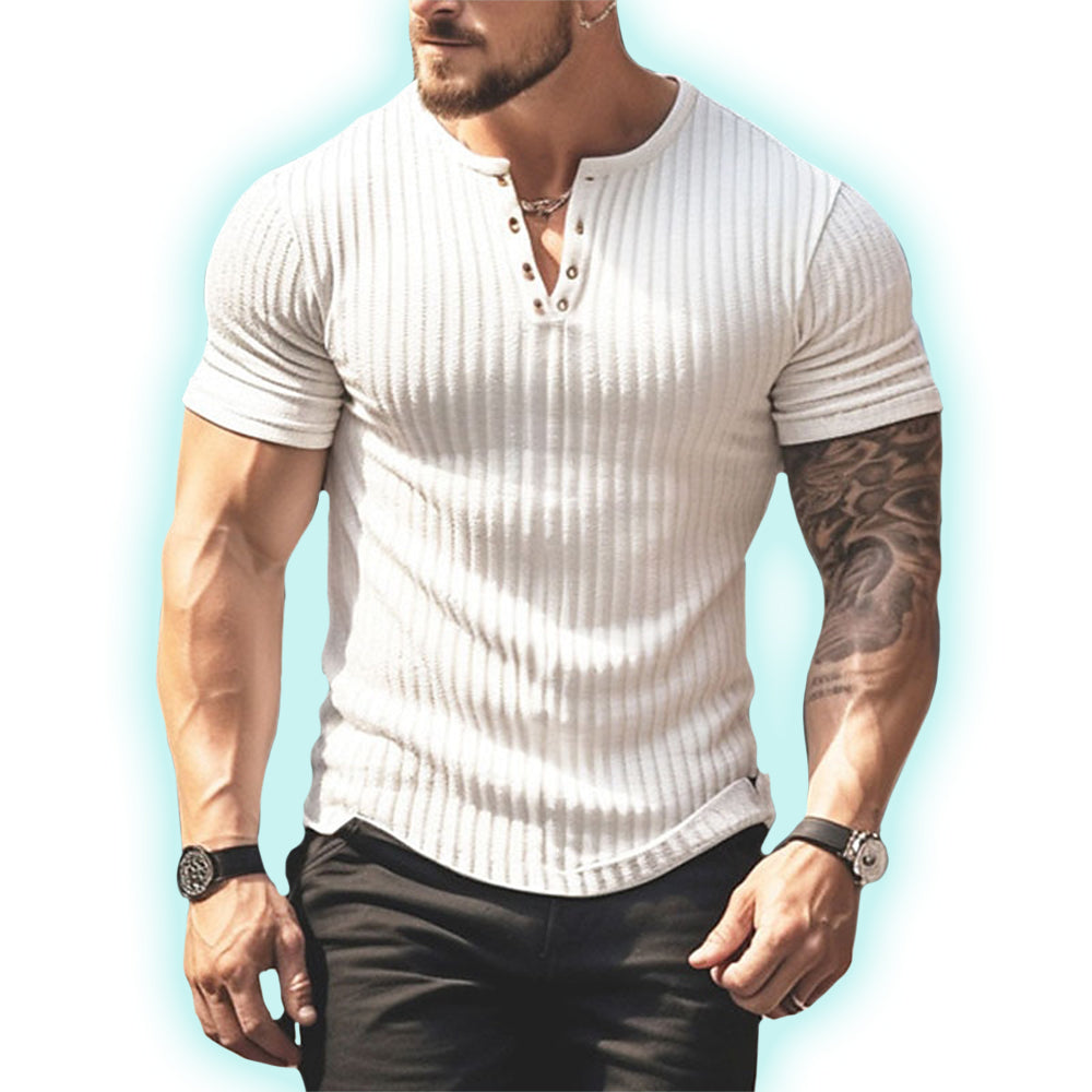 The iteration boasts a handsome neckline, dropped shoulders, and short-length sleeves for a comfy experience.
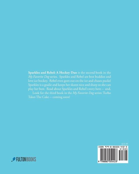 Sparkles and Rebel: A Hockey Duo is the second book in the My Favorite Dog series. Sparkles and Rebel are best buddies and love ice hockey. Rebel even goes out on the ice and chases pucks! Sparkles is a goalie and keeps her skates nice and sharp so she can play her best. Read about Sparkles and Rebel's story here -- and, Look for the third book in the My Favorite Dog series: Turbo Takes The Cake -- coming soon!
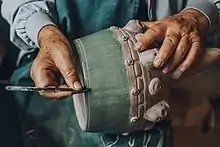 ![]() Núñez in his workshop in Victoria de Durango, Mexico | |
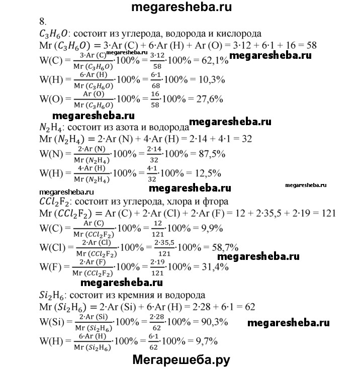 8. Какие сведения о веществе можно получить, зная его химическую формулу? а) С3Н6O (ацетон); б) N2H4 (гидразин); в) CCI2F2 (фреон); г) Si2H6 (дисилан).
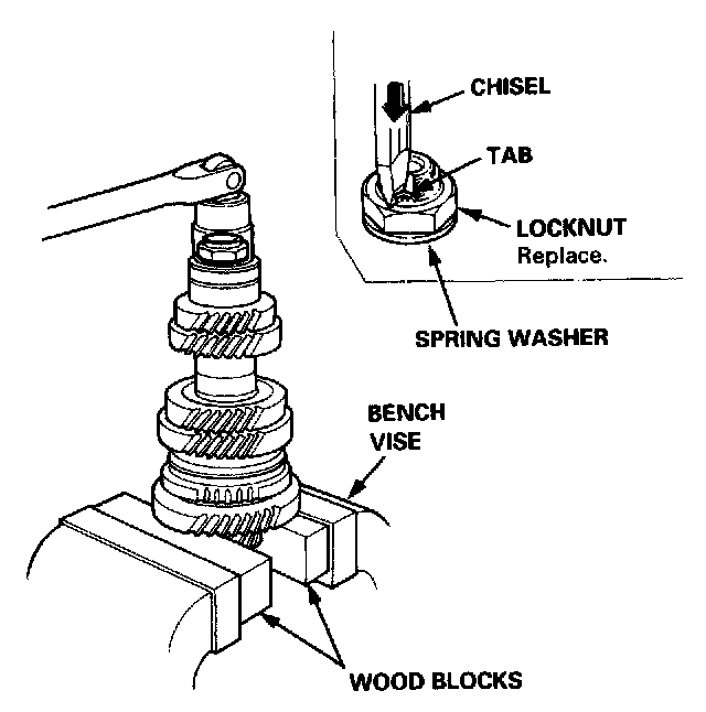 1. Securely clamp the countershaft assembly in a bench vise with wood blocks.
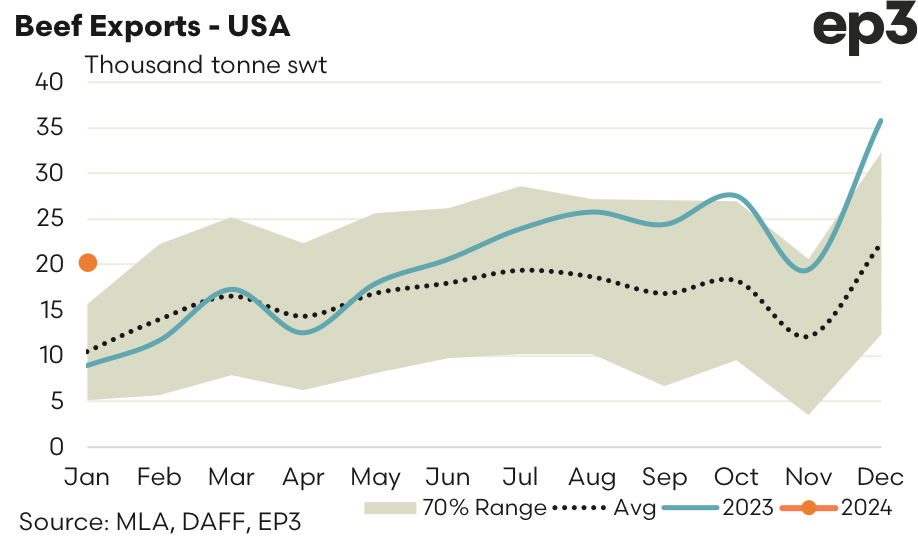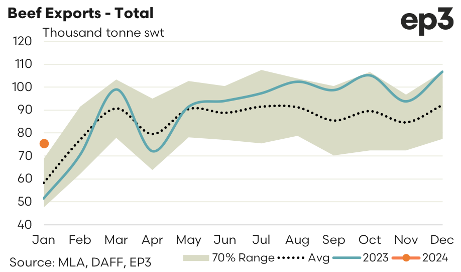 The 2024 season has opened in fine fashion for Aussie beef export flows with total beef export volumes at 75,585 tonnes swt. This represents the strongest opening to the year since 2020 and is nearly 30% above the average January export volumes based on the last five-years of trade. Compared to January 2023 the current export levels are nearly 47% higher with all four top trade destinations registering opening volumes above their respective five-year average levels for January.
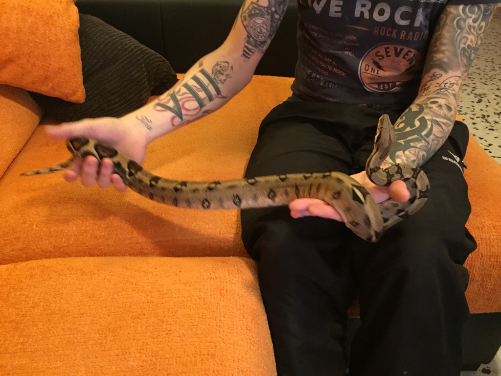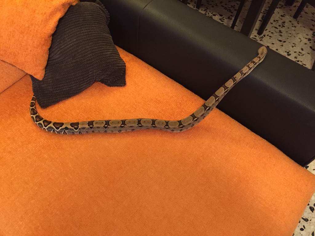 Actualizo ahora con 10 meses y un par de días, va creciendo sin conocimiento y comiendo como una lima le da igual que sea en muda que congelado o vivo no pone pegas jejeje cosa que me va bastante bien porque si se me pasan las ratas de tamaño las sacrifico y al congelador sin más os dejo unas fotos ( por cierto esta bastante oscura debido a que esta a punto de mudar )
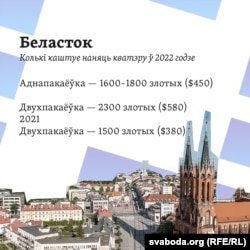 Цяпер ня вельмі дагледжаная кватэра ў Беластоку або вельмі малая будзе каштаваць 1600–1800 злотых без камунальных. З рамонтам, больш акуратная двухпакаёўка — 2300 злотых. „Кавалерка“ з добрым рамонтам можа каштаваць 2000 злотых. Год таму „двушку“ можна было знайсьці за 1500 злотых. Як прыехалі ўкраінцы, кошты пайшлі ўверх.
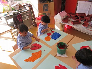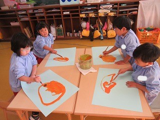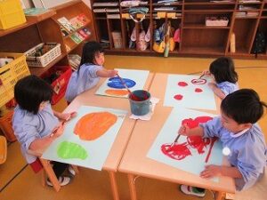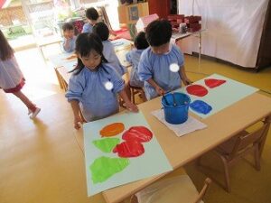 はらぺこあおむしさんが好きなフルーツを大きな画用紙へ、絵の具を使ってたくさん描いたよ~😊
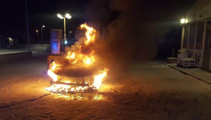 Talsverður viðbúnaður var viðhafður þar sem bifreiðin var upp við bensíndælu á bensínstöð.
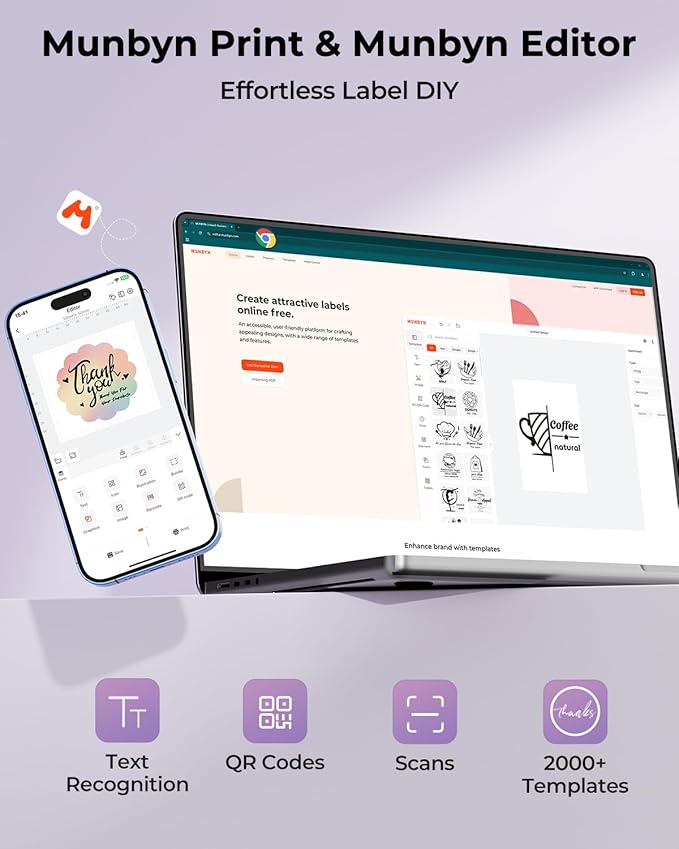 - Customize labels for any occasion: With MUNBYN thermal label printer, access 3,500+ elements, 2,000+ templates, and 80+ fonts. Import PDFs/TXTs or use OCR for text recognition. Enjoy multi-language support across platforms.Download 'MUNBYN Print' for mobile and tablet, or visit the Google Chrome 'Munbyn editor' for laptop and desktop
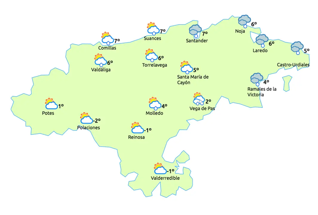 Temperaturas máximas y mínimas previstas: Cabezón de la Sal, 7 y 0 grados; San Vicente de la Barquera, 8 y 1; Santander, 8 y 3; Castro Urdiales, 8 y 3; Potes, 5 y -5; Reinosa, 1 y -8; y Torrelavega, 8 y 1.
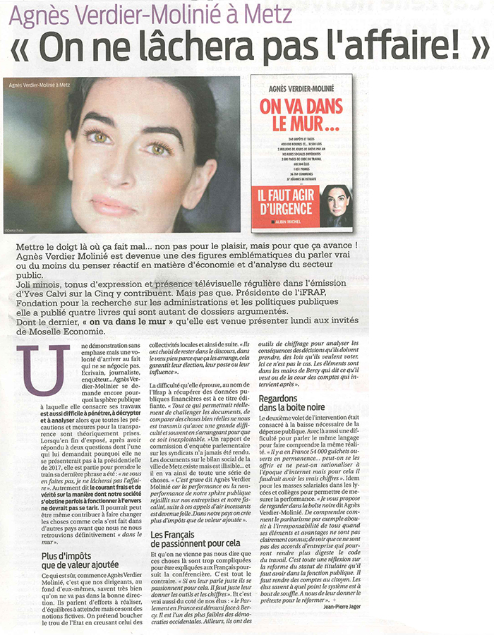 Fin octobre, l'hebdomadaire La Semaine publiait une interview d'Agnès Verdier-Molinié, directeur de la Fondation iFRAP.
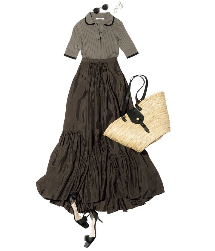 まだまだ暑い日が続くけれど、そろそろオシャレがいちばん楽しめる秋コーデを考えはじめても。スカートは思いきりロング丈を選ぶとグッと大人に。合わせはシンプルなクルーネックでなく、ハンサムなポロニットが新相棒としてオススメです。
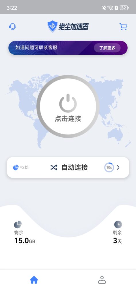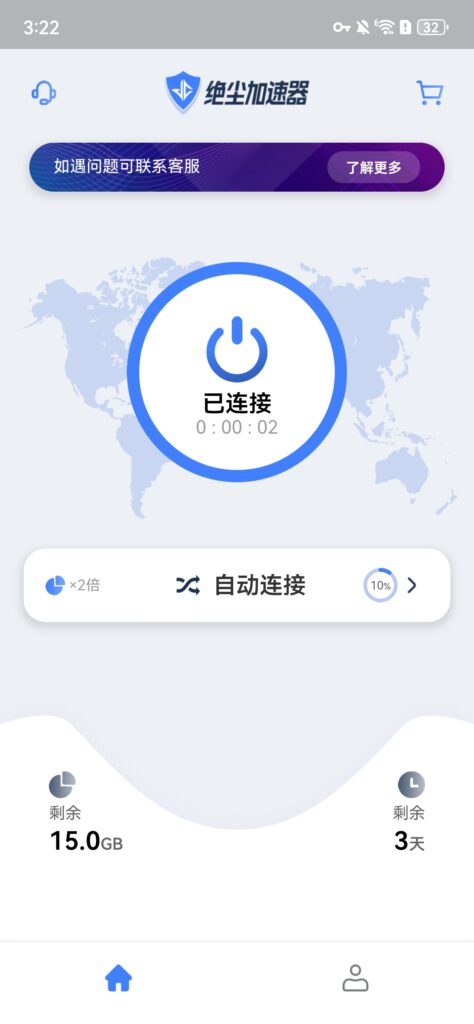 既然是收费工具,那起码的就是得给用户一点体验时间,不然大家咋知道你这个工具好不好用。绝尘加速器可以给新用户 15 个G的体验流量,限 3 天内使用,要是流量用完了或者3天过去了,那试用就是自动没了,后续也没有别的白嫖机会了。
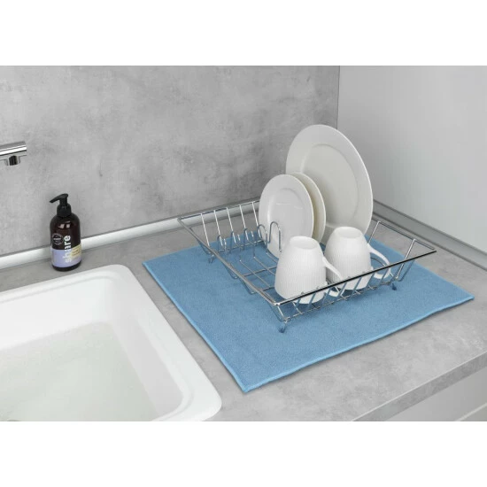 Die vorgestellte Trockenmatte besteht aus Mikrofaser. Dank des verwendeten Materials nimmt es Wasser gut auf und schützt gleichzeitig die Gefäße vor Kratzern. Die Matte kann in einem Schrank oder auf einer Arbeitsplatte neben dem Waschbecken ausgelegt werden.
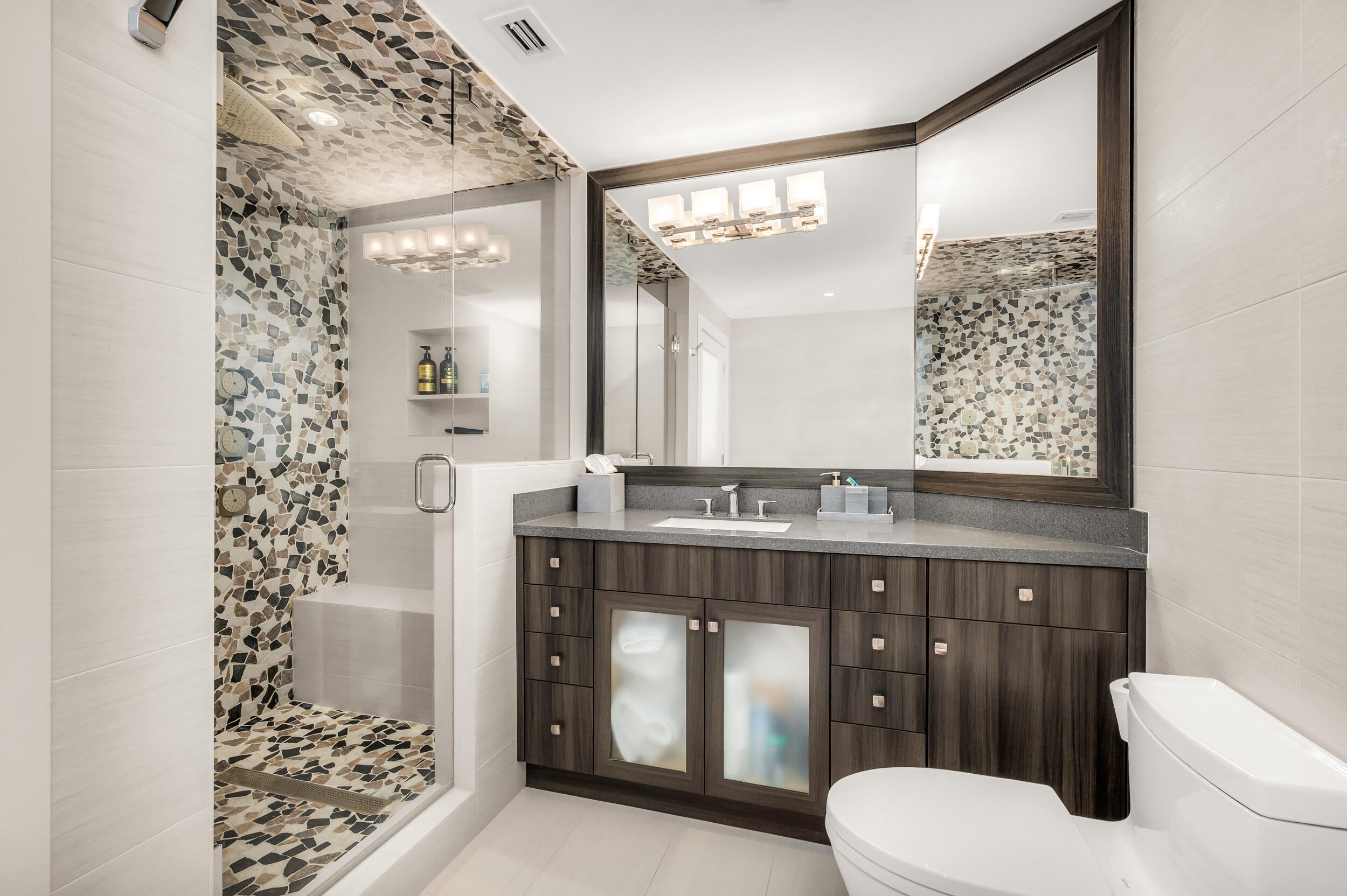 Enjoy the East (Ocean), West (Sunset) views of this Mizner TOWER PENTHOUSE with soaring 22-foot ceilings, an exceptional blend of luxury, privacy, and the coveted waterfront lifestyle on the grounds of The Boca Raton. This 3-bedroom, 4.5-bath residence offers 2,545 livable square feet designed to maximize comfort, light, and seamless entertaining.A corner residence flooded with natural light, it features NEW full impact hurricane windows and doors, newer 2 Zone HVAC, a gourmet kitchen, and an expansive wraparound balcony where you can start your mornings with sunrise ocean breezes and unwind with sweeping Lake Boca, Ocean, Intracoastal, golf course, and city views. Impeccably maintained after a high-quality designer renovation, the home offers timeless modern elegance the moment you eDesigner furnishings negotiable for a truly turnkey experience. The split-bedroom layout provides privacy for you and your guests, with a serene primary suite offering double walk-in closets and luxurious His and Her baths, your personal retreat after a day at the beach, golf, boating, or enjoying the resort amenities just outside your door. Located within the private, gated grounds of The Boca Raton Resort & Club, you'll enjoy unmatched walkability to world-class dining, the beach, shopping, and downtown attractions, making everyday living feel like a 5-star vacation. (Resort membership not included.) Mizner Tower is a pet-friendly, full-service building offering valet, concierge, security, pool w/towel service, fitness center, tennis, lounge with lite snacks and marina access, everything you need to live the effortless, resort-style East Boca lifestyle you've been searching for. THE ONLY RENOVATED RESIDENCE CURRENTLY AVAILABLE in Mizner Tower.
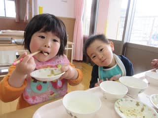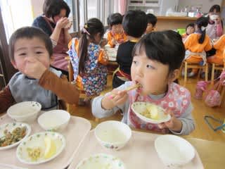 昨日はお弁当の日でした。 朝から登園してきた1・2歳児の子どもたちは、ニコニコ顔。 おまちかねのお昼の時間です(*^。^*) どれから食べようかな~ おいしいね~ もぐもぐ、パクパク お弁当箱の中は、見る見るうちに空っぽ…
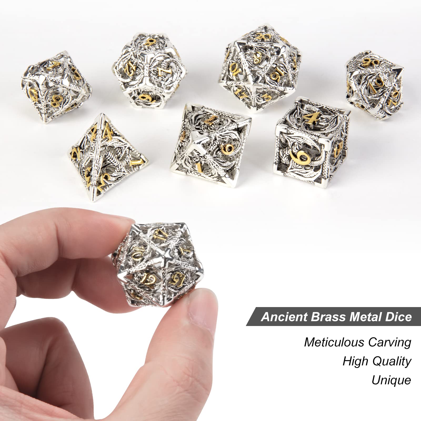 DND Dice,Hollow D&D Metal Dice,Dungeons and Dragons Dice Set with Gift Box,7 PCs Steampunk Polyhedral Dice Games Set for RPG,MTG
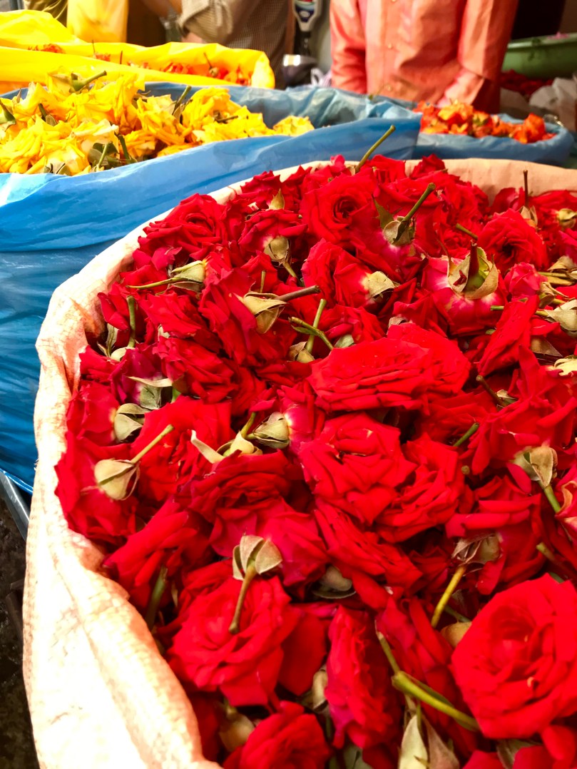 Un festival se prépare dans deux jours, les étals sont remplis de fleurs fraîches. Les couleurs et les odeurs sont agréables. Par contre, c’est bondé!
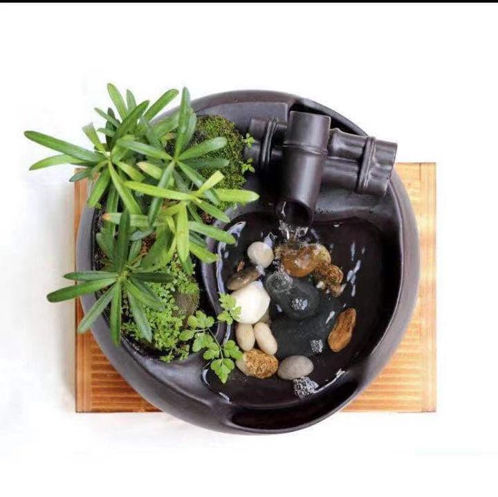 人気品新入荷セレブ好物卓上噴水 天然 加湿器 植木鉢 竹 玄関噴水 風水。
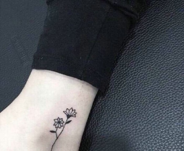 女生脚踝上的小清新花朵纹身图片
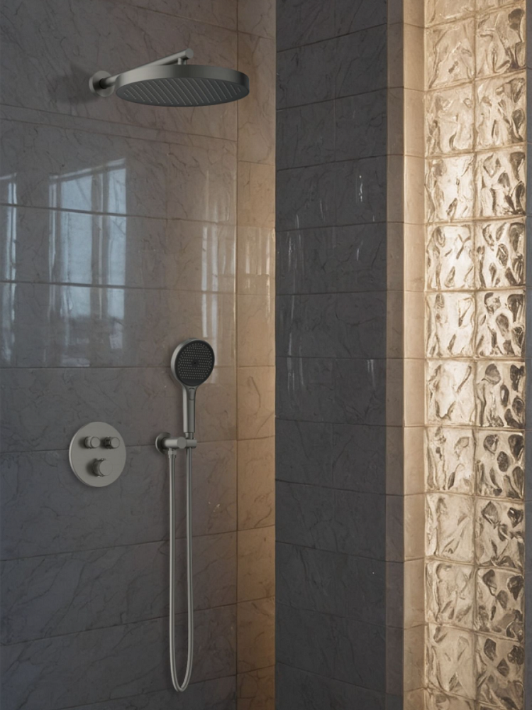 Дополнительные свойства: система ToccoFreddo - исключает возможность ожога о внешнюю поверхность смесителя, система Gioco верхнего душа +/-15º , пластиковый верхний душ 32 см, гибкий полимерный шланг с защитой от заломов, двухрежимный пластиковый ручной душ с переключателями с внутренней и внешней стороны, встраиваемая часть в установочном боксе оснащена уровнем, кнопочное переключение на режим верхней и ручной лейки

* **ACTIVITY**
With the pictures omitted, restate word for word the lines above from the line that has "Цяпер ня вельмі" up to and including the line that has "个G的体验流量,限 3 天内使用,要是流量用完了或者3天过去了,那试用就是自动没了,后续也没有别的白嫖机会了。", and no other lines.

* **FINISHED EXERCISE**
 Цяпер ня вельмі дагледжаная кватэра ў Беластоку або вельмі малая будзе каштаваць 1600–1800 злотых без камунальных. З рамонтам, больш акуратная двухпакаёўка — 2300 злотых. „Кавалерка“ з добрым рамонтам можа каштаваць 2000 злотых. Год таму „двушку“ можна было знайсьці за 1500 злотых. Як прыехалі ўкраінцы, кошты пайшлі ўверх.
 はらぺこあおむしさんが好きなフルーツを大きな画用紙へ、絵の具を使ってたくさん描いたよ~😊
 Talsverður viðbúnaður var viðhafður þar sem bifreiðin var upp við bensíndælu á bensínstöð.
 - Customize labels for any occasion: With MUNBYN thermal label printer, access 3,500+ elements, 2,000+ templates, and 80+ fonts. Import PDFs/TXTs or use OCR for text recognition. Enjoy multi-language support across platforms.Download 'MUNBYN Print' for mobile and tablet, or visit the Google Chrome 'Munbyn editor' for laptop and desktop
 Temperaturas máximas y mínimas previstas: Cabezón de la Sal, 7 y 0 grados; San Vicente de la Barquera, 8 y 1; Santander, 8 y 3; Castro Urdiales, 8 y 3; Potes, 5 y -5; Reinosa, 1 y -8; y Torrelavega, 8 y 1.
 Fin octobre, l'hebdomadaire La Semaine publiait une interview d'Agnès Verdier-Molinié, directeur de la Fondation iFRAP.
 まだまだ暑い日が続くけれど、そろそろオシャレがいちばん楽しめる秋コーデを考えはじめても。スカートは思いきりロング丈を選ぶとグッと大人に。合わせはシンプルなクルーネックでなく、ハンサムなポロニットが新相棒としてオススメです。
 既然是收费工具,那起码的就是得给用户一点体验时间,不然大家咋知道你这个工具好不好用。绝尘加速器可以给新用户 15 个G的体验流量,限 3 天内使用,要是流量用完了或者3天过去了,那试用就是自动没了,后续也没有别的白嫖机会了。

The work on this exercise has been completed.